Хейнкель и Брайтнер расположились на заднем сиденье автомобиля. Справа от шофера сидел телохранитель сурового вида, непрерывно поглядывающий по сторонам. По распоряжению Брайтнера он был приставлен к Хейнкелю сразу после обстрела его автомобиля.
– Господин Брайтнер, насколько мне известно, Вернер фон Браун сделал попытку обстрелять своими «ФАУ» Нью-Йорк, – проговорил Хейнкель. – Она закончилась неудачей. Что это? Авантюра? Или у его идеи есть перспектива?
Ответ Брайтнера не заставил себя долго ждать:
– Я думаю, и то, и другое. Почему авантюра? Потому что огромную дорогостоящую ракету весом около ста тонн, из которых более семидесяти составляет топливо и только одна приходится на заряд, должен был наводить на цель диверсант. Его, конечно, поймали, а запуск провалился. Теперь насчет перспективы. Даже если вчетверо меньший заряд упадет на нью-йоркские небоскребы, шум в Америке поднимется неимоверный. Оппозиция Рузвельту в конгрессе, пресса, общественное мнение и все такое прочее. Поверьте, господин Хейнкель, в США было и остается довольно много противников войны на стороне Советов. Так что перспективы у фон Брауна есть. Для их реализации он должен сделать только одно.
– Что именно?
Брайтнер подавил улыбку и ответил:
– Попасть по Нью-Йорку.
Хейнкель напрягся. Ему нужно излить кому-нибудь свои наболевшие мысли.

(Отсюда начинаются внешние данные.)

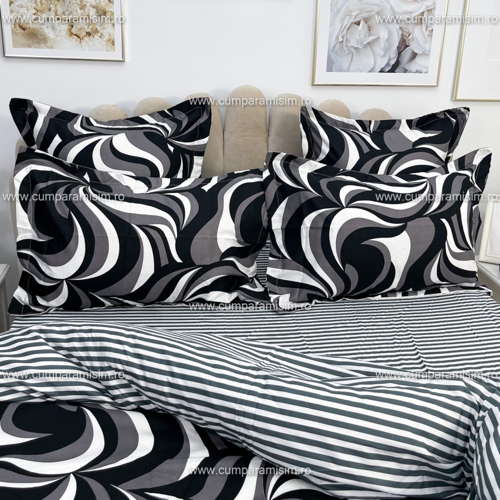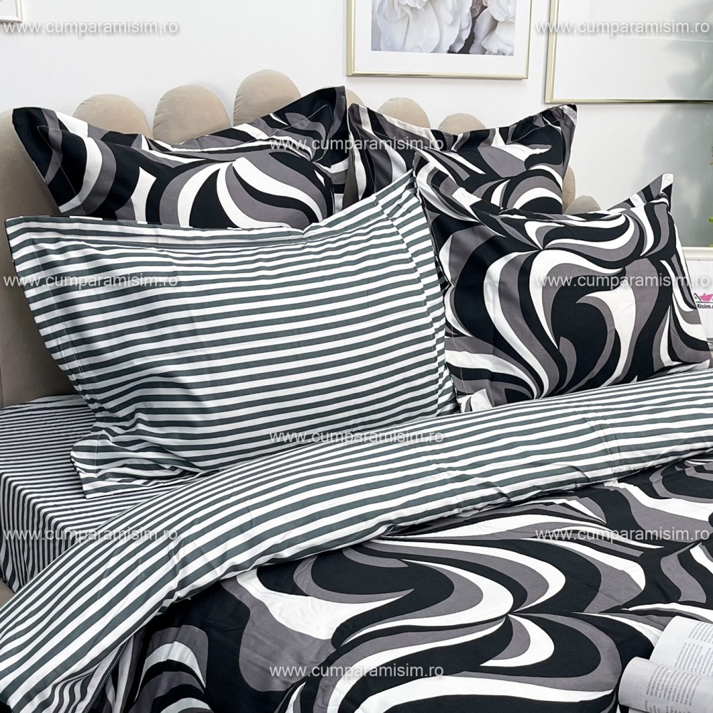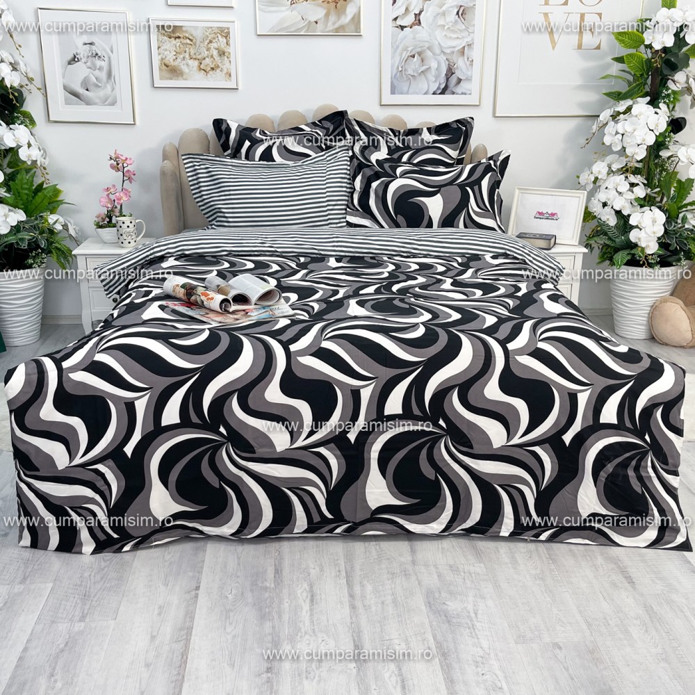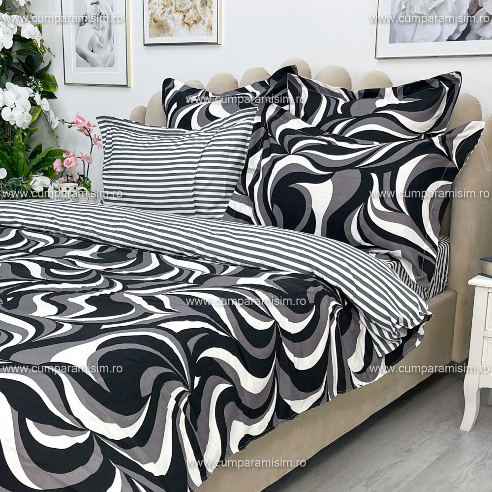 Lenjerie pat dublu, FINET, cu elastic, 6 piese, Alb-Negru, abstract, Primavara Casa, cod produs: PRM-FE-B946

Он резко повернулся в сторону Брайтнера, сидевшего рядом, и заявил:
– Может быть, было бы лучше реализовать мою идею «подводных самолетов»?
Эвальд Брайтнер знал, что эта идея заключалась в следующем. Хейнкель хотел расположить летательные аппараты на подводной лодке, которую обнаружить было очень непросто, в отличие от авианосца. Вопрос состоял только в том, какие именно аппараты. Воздушные шары, аэростаты и дирижабли были отвергнуты по причине своей громоздкости.
Самолеты тоже не маленькие, но их можно держать в разобранном виде в небольшом ангаре, установленном на палубе, в нужный момент собирать и готовить к полету. Это могли быть как разведчики, так и легкие бомбардировщики.
Первой к созданию «подводных самолетов» приступила кайзеровская Германия. В 1916 году фирма «Ганза Бранденбург» получила заказ на самолет для подводных океанских крейсеров «U-139» и «U-155». Решением этой проблемы занялся именно Эрнст Хейнкель, тогда еще молодой конструктор. Уже в 1918 году начались испытания маленького разборного биплана с двигателем мощностью 80 л. с. Другие показатели первого «подводного самолета» также были скромные. Его скорость составляла 120 км/ч, радиус действия – 40 км. Но были и достоинства. На сборку биплана уходило не более четырех минут.
В том же 1918 году немецкая фирма «Ролланд» успела построить и испытать самолет, который предполагалось хранить в трех стальных цилиндрах, размещенных на палубе подводной лодки.